- [SOURCE MATERIAL]:
-- Opening Marker --

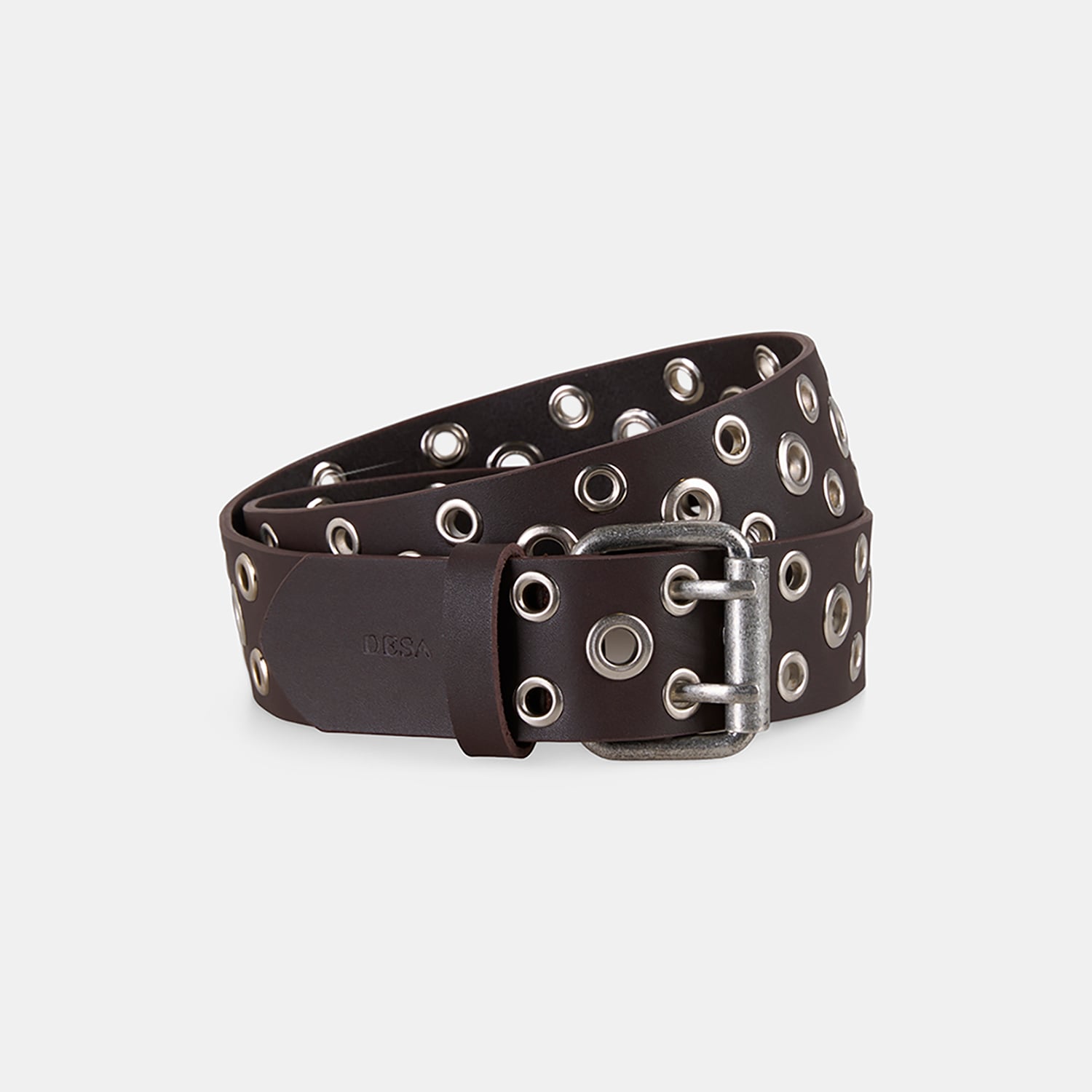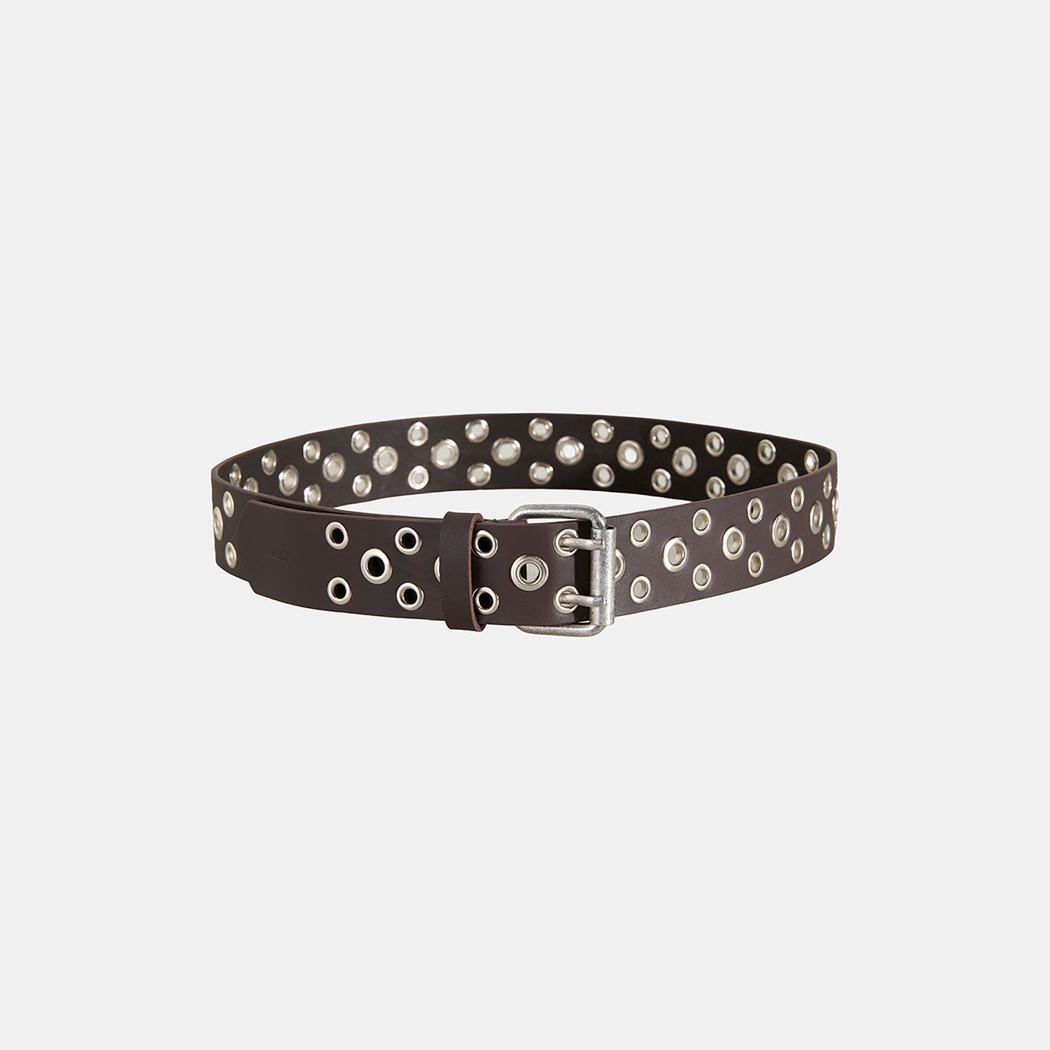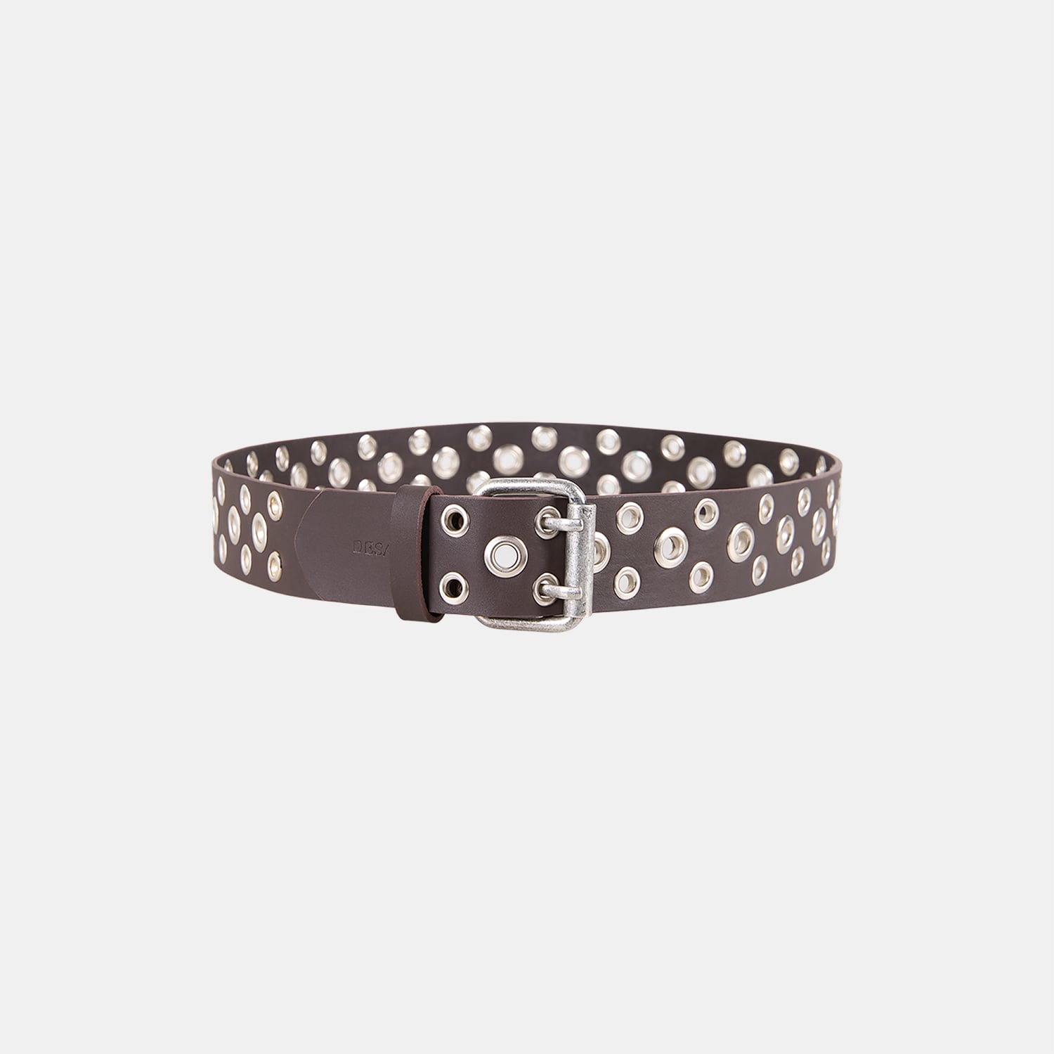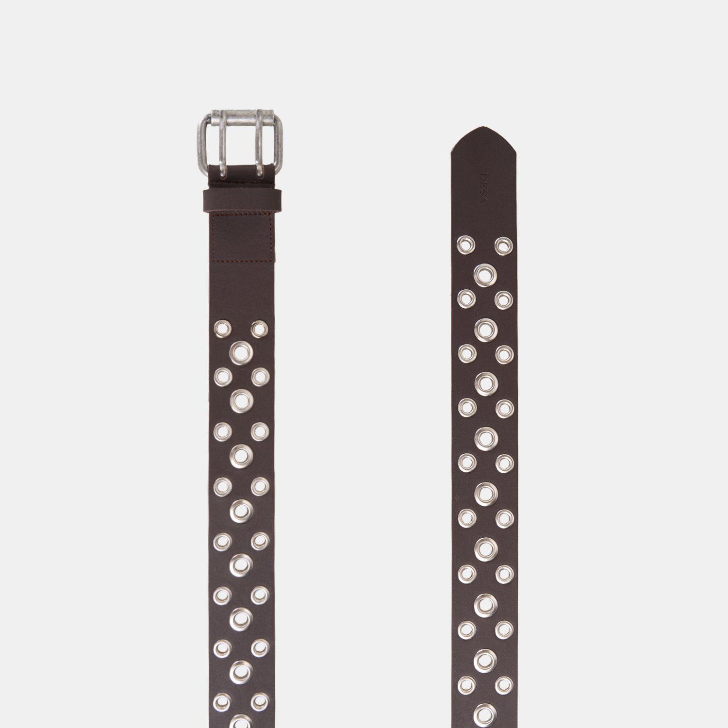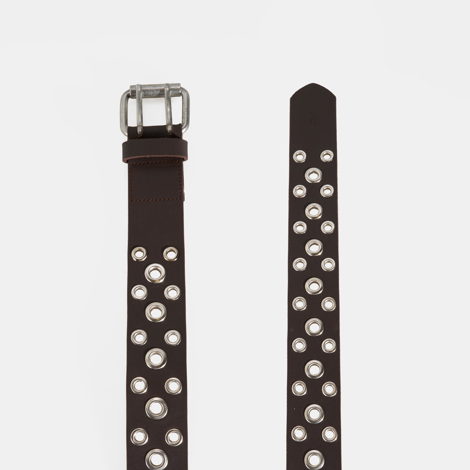 Deri yapısı ve kemer boyunca yer alan metal halka detaylarıyla öne çıkan bu kemer, modern ve güçlü bir stil sunar.
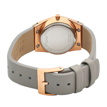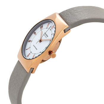 Rose gold-tone stainless steel case with a greystone leather strap. Fixed rose gold-tone stainless steel bezel. White dial with rose gold-tone hands and Arabic numeral hour markers. Minute markers around the inner ring. Dial Type: Analog. Luminescent hands and markers. Solar movement. Scratch resistant K1 crystal. Pull / push crown. Solid case back. Round case shape, case size: 26 mm. Band width: 16 mm. Tang clasp. Water resistant at 30 meters / 100 feet. Functions: hour, minute, second. Grenen Lille Solar Powered Series. Casual watch style. Skagen Grenen Lille Solar Powered White Dial Ladies Watch SKW3079.
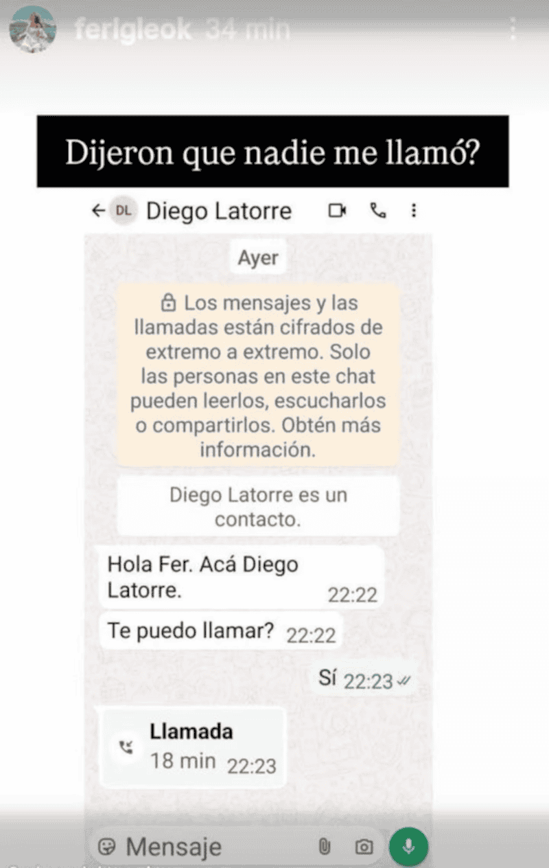 Además, en su cuenta de Intagram, también siguió con el tema y mostró una captura de pantalla de una conversación que mantuvo con Diego. Él le escribió, se presentó y le preguntó si la podía llamar.
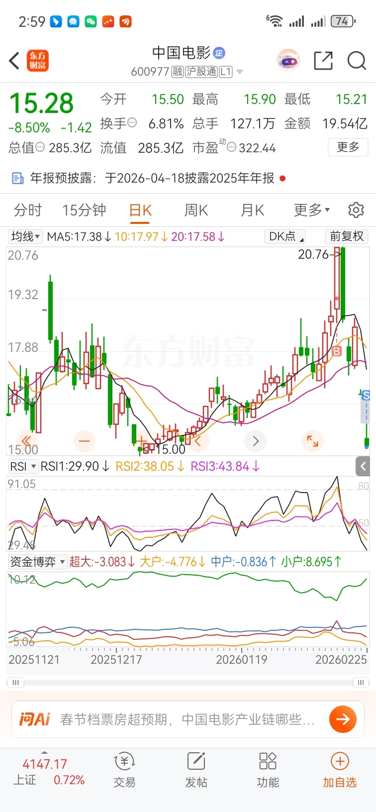 $中国电影(SH600977)$ 明天消户了,哎,玩不了,来送钱

-- Closing Marker --

- [WORK TO COMPLETE]:
Copy the data verbatim, skipping any image it holds.

- [WORKED SOLUTION]:
 Deri yapısı ve kemer boyunca yer alan metal halka detaylarıyla öne çıkan bu kemer, modern ve güçlü bir stil sunar.
 Rose gold-tone stainless steel case with a greystone leather strap. Fixed rose gold-tone stainless steel bezel. White dial with rose gold-tone hands and Arabic numeral hour markers. Minute markers around the inner ring. Dial Type: Analog. Luminescent hands and markers. Solar movement. Scratch resistant K1 crystal. Pull / push crown. Solid case back. Round case shape, case size: 26 mm. Band width: 16 mm. Tang clasp. Water resistant at 30 meters / 100 feet. Functions: hour, minute, second. Grenen Lille Solar Powered Series. Casual watch style. Skagen Grenen Lille Solar Powered White Dial Ladies Watch SKW3079.
 Además, en su cuenta de Intagram, también siguió con el tema y mostró una captura de pantalla de una conversación que mantuvo con Diego. Él le escribió, se presentó y le preguntó si la podía llamar.
 $中国电影(SH600977)$ 明天消户了,哎,玩不了,来送钱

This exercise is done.